Attachment module 222 shown in FIG. 24 is used to attach the upper end of an endoskeletal pylon to a stump socket. A similar arrangement is used to attach the bottom of the endoskeletal pylon to an artificial foot. When used for this purpose, a foot adapter plate 242 (shown in FIGS. 25-27) is used in lieu of stump adapter plate 224. Like adapter plate 224, foot adapter plate 242 has a pyramid-shaped knob 244 which is placed in sleeve-like adapter 226 (not shown in FIGS. 25-27).
While the foregoing prior art arrangement is workable, it has several drawbacks.

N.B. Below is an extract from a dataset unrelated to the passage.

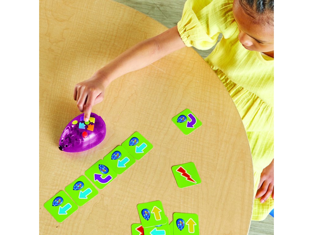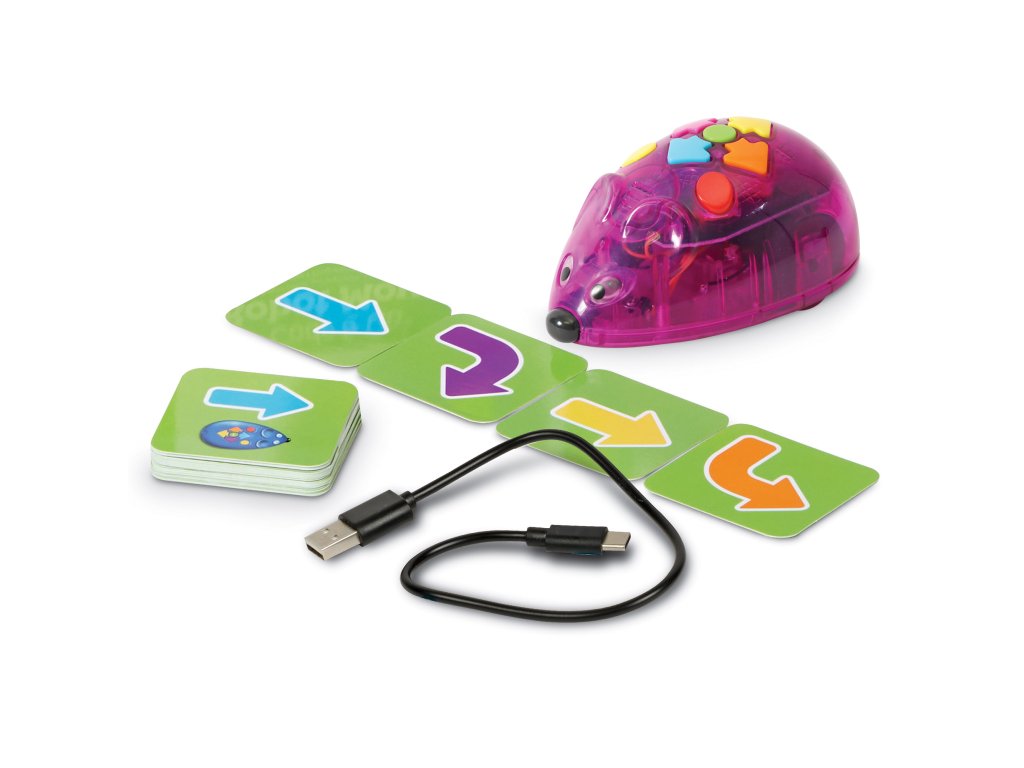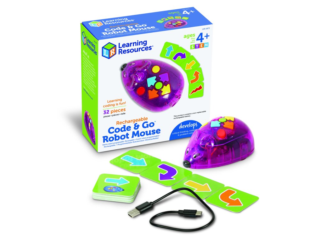Learning Resources Sada aktivit s myší Code & Go® – dobíjecí přináší bezdrátový a udržitelný zážitek z programování – v balení najdete programovatelnou robotickou myš s osvětlením, zvukovými efekty, dvěma rychlostmi a intuitivními tlačítky nadupanými pro kódování.

Specifically, when used to attach an artificial leg, attachment module 222 is subjected to tremendous longitudinal or vertical tension and compression forces when patient 206 walks or runs which adversely affect plate 224 and adapter 226. These forces are transmitted up endoskeletal pylon 202 and to adapter 226, where they are borne by the fitment bolts, which are tightened to impinge on and hold the pyramid-shaped knob.
It will be observed that this longitudinal force is nearly perpendicular to the front faces of fitment bolts 232-238, and therefore the force is transmitted to each bolt as a shearing (as opposed to compressing) force. This shearing is resisted by the friction between the faces of fitment bolts 232-238 and pyramid-shaped knob 228. The shearing force does, however, urge bolts 232-238 to slide along and into knob 228, thereby eventually causing deformation of knob 228 and/or bolts 232-238, particularly for relatively heavy patients, such as those who weigh more than two hundred pounds. Eventually, action of the ends of bolts 232-238 against knob 228 from use of prosthetic device 200 causes significant deformation of pyramid-shaped knob 228. The result is a loosening of the coupling which can be followed by a sudden catastrophic failure of module 222. The patient's artificial leg can literally fall off in mid-stride.
To alleviate this problem, fitment bolts 232-238 in attachment module 222 extend somewhat at an angle from horizontal. This allows some component of longitudinal force to be borne as a compression force by the main body of the fitment bolts. While extending the bolts downwardly improves the performance of module 222, it also makes the fitment bolts more difficult for medical personnel to install and adjust.
Another drawback of module 222 is that reinforcements such as reinforcements 246 must be provided in the wall of sleeve-like adapter 226. These reinforcements are necessary because the fitment bolts which are lodged in the adapter wall must bear the massive longitudinal (vertical) forces discussed above. These reinforcements cause the adapter to be larger than is otherwise necessary. For a variety of reasons, particularly cosmetic, it is desirable to have a more narrow adapter.
Yet another drawback of prior art module 222 is that it uses fitment bolts or bolts having flat (as opposed to rounded) ends. These flat ends are used to improve the friction grip of the bolts. In practice, however, rounded heads provide easier alignment adjustment.